Scraping is the process of automatically collating information from the web. It might be grabbing entries across hundreds of webpages, fetching and combining dozens of spreadsheets, or thousands of PDFs.

The results have led to exclusive stories for organisations ranging from the Bureau of Investigative Journalism and Trinity Mirror, to DC Thomson, Channel 4 and the BBC.

Technical Requirements

This course will need you to have the following software/apps/tools on your computer:

Delegates will be using their own laptop and should have a Google Drive account.
Zoom app
Camera and audio

This course will be hosted on Zoom. To find out more about how we use Zoom, please check out our Zoom InfoSec page.

Course Structure

The course will take place over three online sessions of 2hrs, taking place on consecutive Wednesday evenings. Exercises and additional tasks will be provided to supplement the training during the intervening time and participants will be expected to commit to around 3hrs of self-directed learning between each session.

Important

Our training is not recorded: if you miss a session, it is lost – you cannot watch a recording of it, nor will you be allowed to attend that session at a later date.

22 May 2024 – Session 1: Introduction to scraping in Python

17:00–19:00

This session explores the different roles that scraping can play in a story, introduces Google Colab as a platform for writing and running Python code, and explains key coding concepts that you will need to write scrapers: variables, printing, comments, lists, looping and indices.

29 May 2024 – Session 2: Using libraries for scraping

17:00–19:00

Find, import and put to use libraries that others have created to help you perform particular scraping functions.
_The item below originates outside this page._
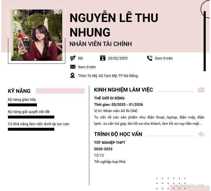 Mở xem thông tin đầy đủ ứng viên Nguyễn Lê Thu Nhung chỉ với 2 điểm. Ứng viên được cập nhật ngày 30/03/2026
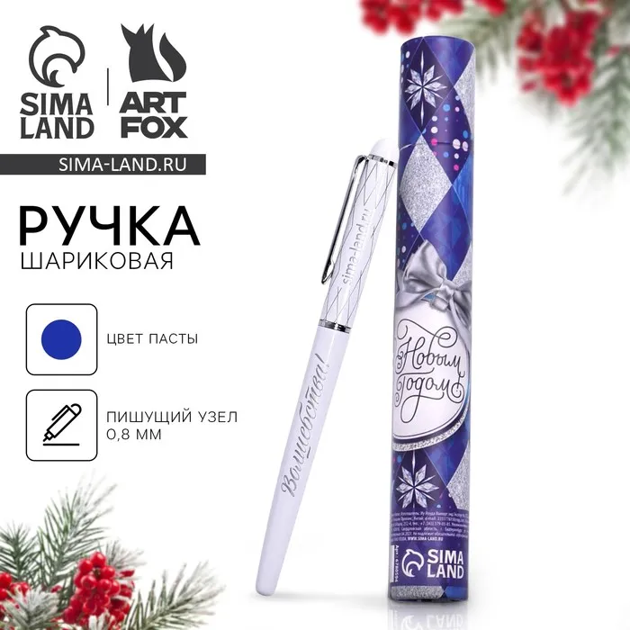 Ручка шариковая, синяя паста, 0,8 мм, металл, с колпачком «С Новым годом!» — Характеристики

5 June 2024 – Session 3: Creating functions for scraping

17:00–19:00

Learn how to create your own functions with Python so that you can solve common issues, such as scraping multiple web pages

Paul Bradshaw

Professor Paul Bradshaw is an online journalist and blogger, who leads the MA in Data Journalism at Birmingham City University. He manages his own blog, the Online Journalism Blog (OJB), and was the co-founder of Help Me Investigate, an investigative journalism website funded by Channel 4 and Screen WM.

22 May 2024 17.00–19.00 Timezone: BST (UK Time)
29 May 2024 17.00–19.00 Timezone: BST (UK Time)
5 June 2024 17.00–19.00 Timezone: BST (UK Time)

Timezone: BST (UK Time)

Location: Zoom meeting

This event is now fully booked.

Goldsmiths students (full time)*

£77

Students (full time)*

£83

Freelancers**

£138

Small Media/Education/NonProfit Organisations (<10 staff)

£230

Large Media/Education/NonProfit Organisations (10+ staff)

£340

Other Organisations

£635

In line with our non-profit mission, our pricing operates on a sliding scale, ensuring large organisations pay more to subsidise places for smaller newsrooms, freelancers and students.

*Student places for this course are capped, due to limited capacity. Anyone registering as a student will be asked for a photo/scan of their student ID ahead of the course.

**Employed individuals who cannot have their employers pay for the course are entitled to the freelancer rate. Note that we are a small charity and rely on your honesty so please do not register as a freelancer if your employer is reimbursing you for the course.

We have a strict policy of No Refund and No Transfer of bookings.